If the cluster was already created, get only the config file containing the necessary information to connect to the cluster and point the KUBECONFIG variable to the file. If there is no cluster, you can create a ppc64le cluster with kubeadm. The script that can run the prow job on the ppc64le cluster must be used on an x86 machine (no ppc64le support for kind).
On a ppc64le machine : See https://github.com/ppc64le-cloud/test-infra/wiki/Creating-Kubernetes-cluster-with-kubeadm-on-Power
On an x86 machine:
rm -rf $HOME/.kube/config/admin.conf
nano $HOME/.kube/config/admin.conf
# Copy the admin.conf from the ppc64le machine
export KUBECONFIG=$HOME/.kube/config/admin.conf
# Check if the cluster is running
kubectl cluster-info
On either of these machines, where the ppc64le cluster is running, configure the secrets (docker-s3-credentials and docker-token if needed).
On the x86 machine :
# Set CONFIG_PATH and JOB_CONFIG_PATH with an absolute path
export CONFIG_PATH="$(pwd)/test-infra/config/prow/config.yaml"
export JOB_CONFIG_PATH="$(pwd)/test-infra/config/jobs/periodic/docker-in-docker/periodic-build-docker.yaml"
./test-infra/hack/test-pj.sh ${JOB_NAME}
# The job name is specified in your yaml.
- If you don't need it and you are asked about Volume "ssh-keys-bot-ssh-secret", answer empty, or you can remove these lines from the config.yaml.
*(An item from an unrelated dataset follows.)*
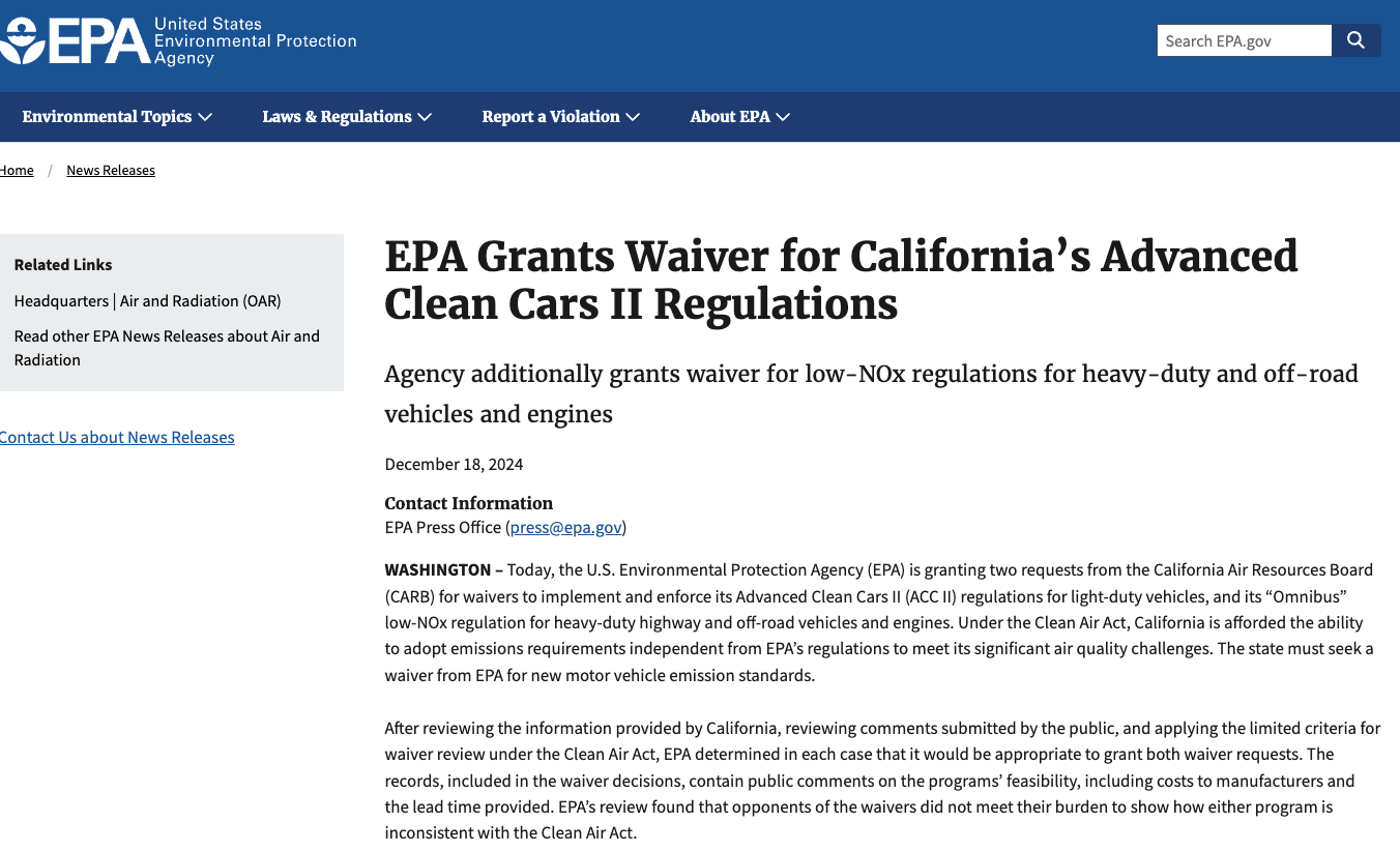 虽然理论上特朗普上任后可以让环保署撤销这一豁免,但完成相关程序可能需要数月时间,更何况加州肯定会启动漫长的诉讼程序。一些共和党议员鼓励使用《国会审查法》的特别权力来撤销这一豁免,但美国政府问责办公室之前已裁定撤销环保豁免超出了审查法的管理范围,尽管如此,一些共和党人仍在鼓励立法机构在明年挑战这一行政解释。
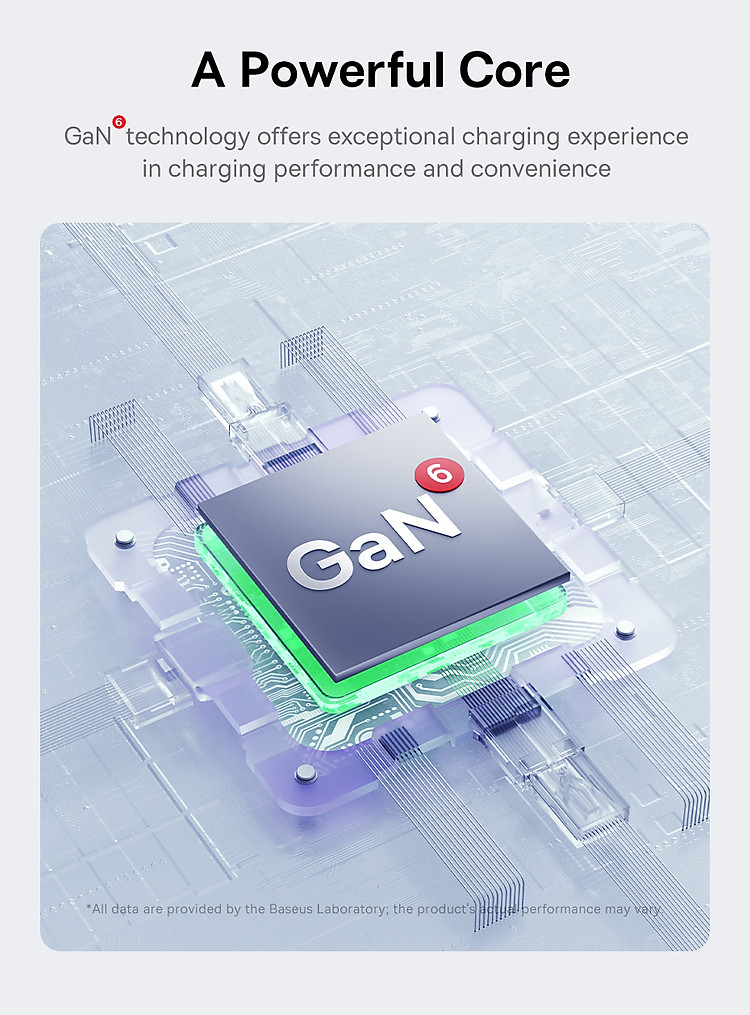 • Công Nghệ GaN (Gallium Nitride): Thiết bị sử dụng công nghệ GaN để làm giảm kích thước mà vẫn duy trì công suất và hiệu suất cao. Điều này giúp sản phẩm nhẹ nhàng và tiện lợi cho di chuyển.

- In the test-pj.sh, the --local flag specifies the local directory in which the logs will be stored. If you want it to be pushed to a COS bucket or if you want the logs to be displayed in the UI, you need to remove the --local flag and the directory specified afterwards.
- Namespace : test-pods (namespace where to test the prow jobs)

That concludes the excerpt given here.